Папа почему-то крякнул и потер лоб, а полковник засмеялся.
— Уела, — сказал он и подмигнул папе.
— А скажите, — продолжала я, обращаясь к полковнику, — если я буду думать: вот этому человеку стоит делать добро, а этому не стоит, так разве я по-настоящему добрая? Если я с собой торгуюсь?
Тут крякнул полковник, а папа засмеялся. И тогда вмешалась бабушка — она, оказывается, давно стояла в дверях и слушала.
— Великий французский мыслитель Жан Жак Руссо, — сказала она, — говорит, что человек от природы добр.
— При чем тут Руссо? — досадливо отмахнулся папа. — В вопросах воспитания Руссо вообще был идеалистом…
— Руссо, Дидро, Вольтер и… другие были энциклопедистами, — гордо сказала бабушка.
— Да это я знаю, — рассердился папа, — но что же, вы хотите, чтобы Маша…
И тут они все — папа, полковник и бабушка — начали спорить, перебивая друг друга. В воздухе носились всякие непонятные слова: «эмоции», «категории», «импульсы», какой-то «абстрактный гуманизм» и еще много-много других слов. На шум в комнату вошла мама и начала всех успокаивать и мирить. А папа сердито ткнул пальцем в мою сторону и сказал:
— И вообще, она больше живет эмоциями, а рассудок у нее на втором плане.

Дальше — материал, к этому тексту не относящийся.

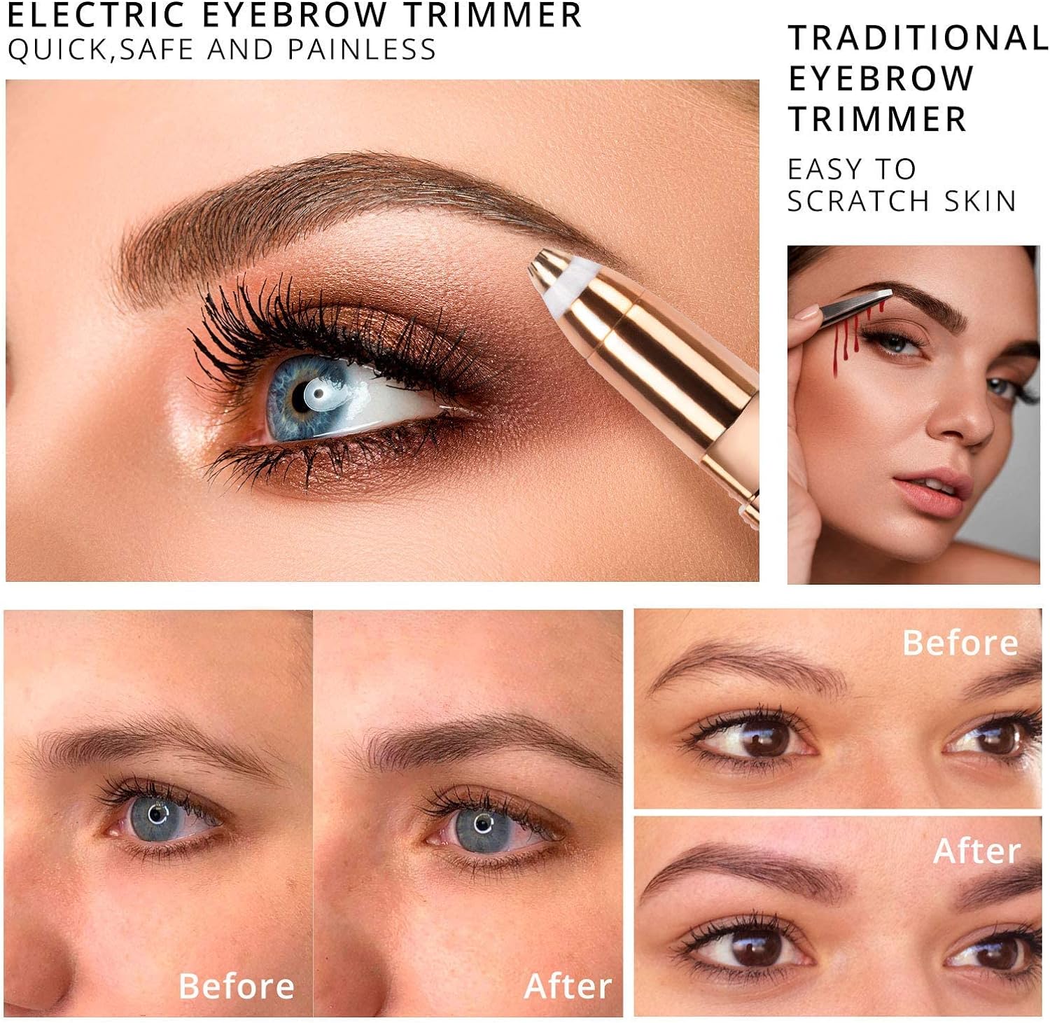 • Stylish & Compact The eyebrow trimmer for women is made of sturdy ABS material and has a fashionable chic, feminine look and slimline design. The color combination of white and rose gold is more beautiful and delicate. The ladies hair remover have compact size and weighting 110g, lightness make it easy to carry.

— Ну что ж, — сказала бабушка, — мы, женщины, всегда живем больше эмоциями, зато у нас очень насыщенная жизнь.
Бабушка вышла вслед за мной и в коридорчике сказала мне как-то очень ласково и задумчиво:
— Будь доброй, Машутка, будь доброй — это очень хорошо.
— А разве я злая? — спросила я, уткнувшись в бабушкино мягкое и теплое плечо.
— Иногда немножко бываешь, — сказала бабушка и погладила меня по голове.
Я пошла к себе и стала думать, какая я — злая или добрая — и какой надо быть, чтобы жить со спокойной совестью.
Мне все-таки кажется, что полковник был прав в одном. В самом деле, разве можно быть доброй к фашистам и вообще ко всяким подлецам… Да, а что такое «эмоции»? Надо обязательно посмотреть в словаре — может, это что-то очень плохое и обидное. Интересно, есть ли эти самые эмоции у Г. А.? Или у белобрысого Семена? И только я об этом подумала, раздался звонок. Я пошла и открыла дверь. Опять телепатия! За дверью стоял Семен.
— Здравствуй, Маша, — сказал он смущенно.
Он смущается?! Новость.
— Мы уже виделись, — сказала я холодно.
— Да, — сказал он.
— Да, — сказала я.
Он переминался с ноги на ногу на площадке.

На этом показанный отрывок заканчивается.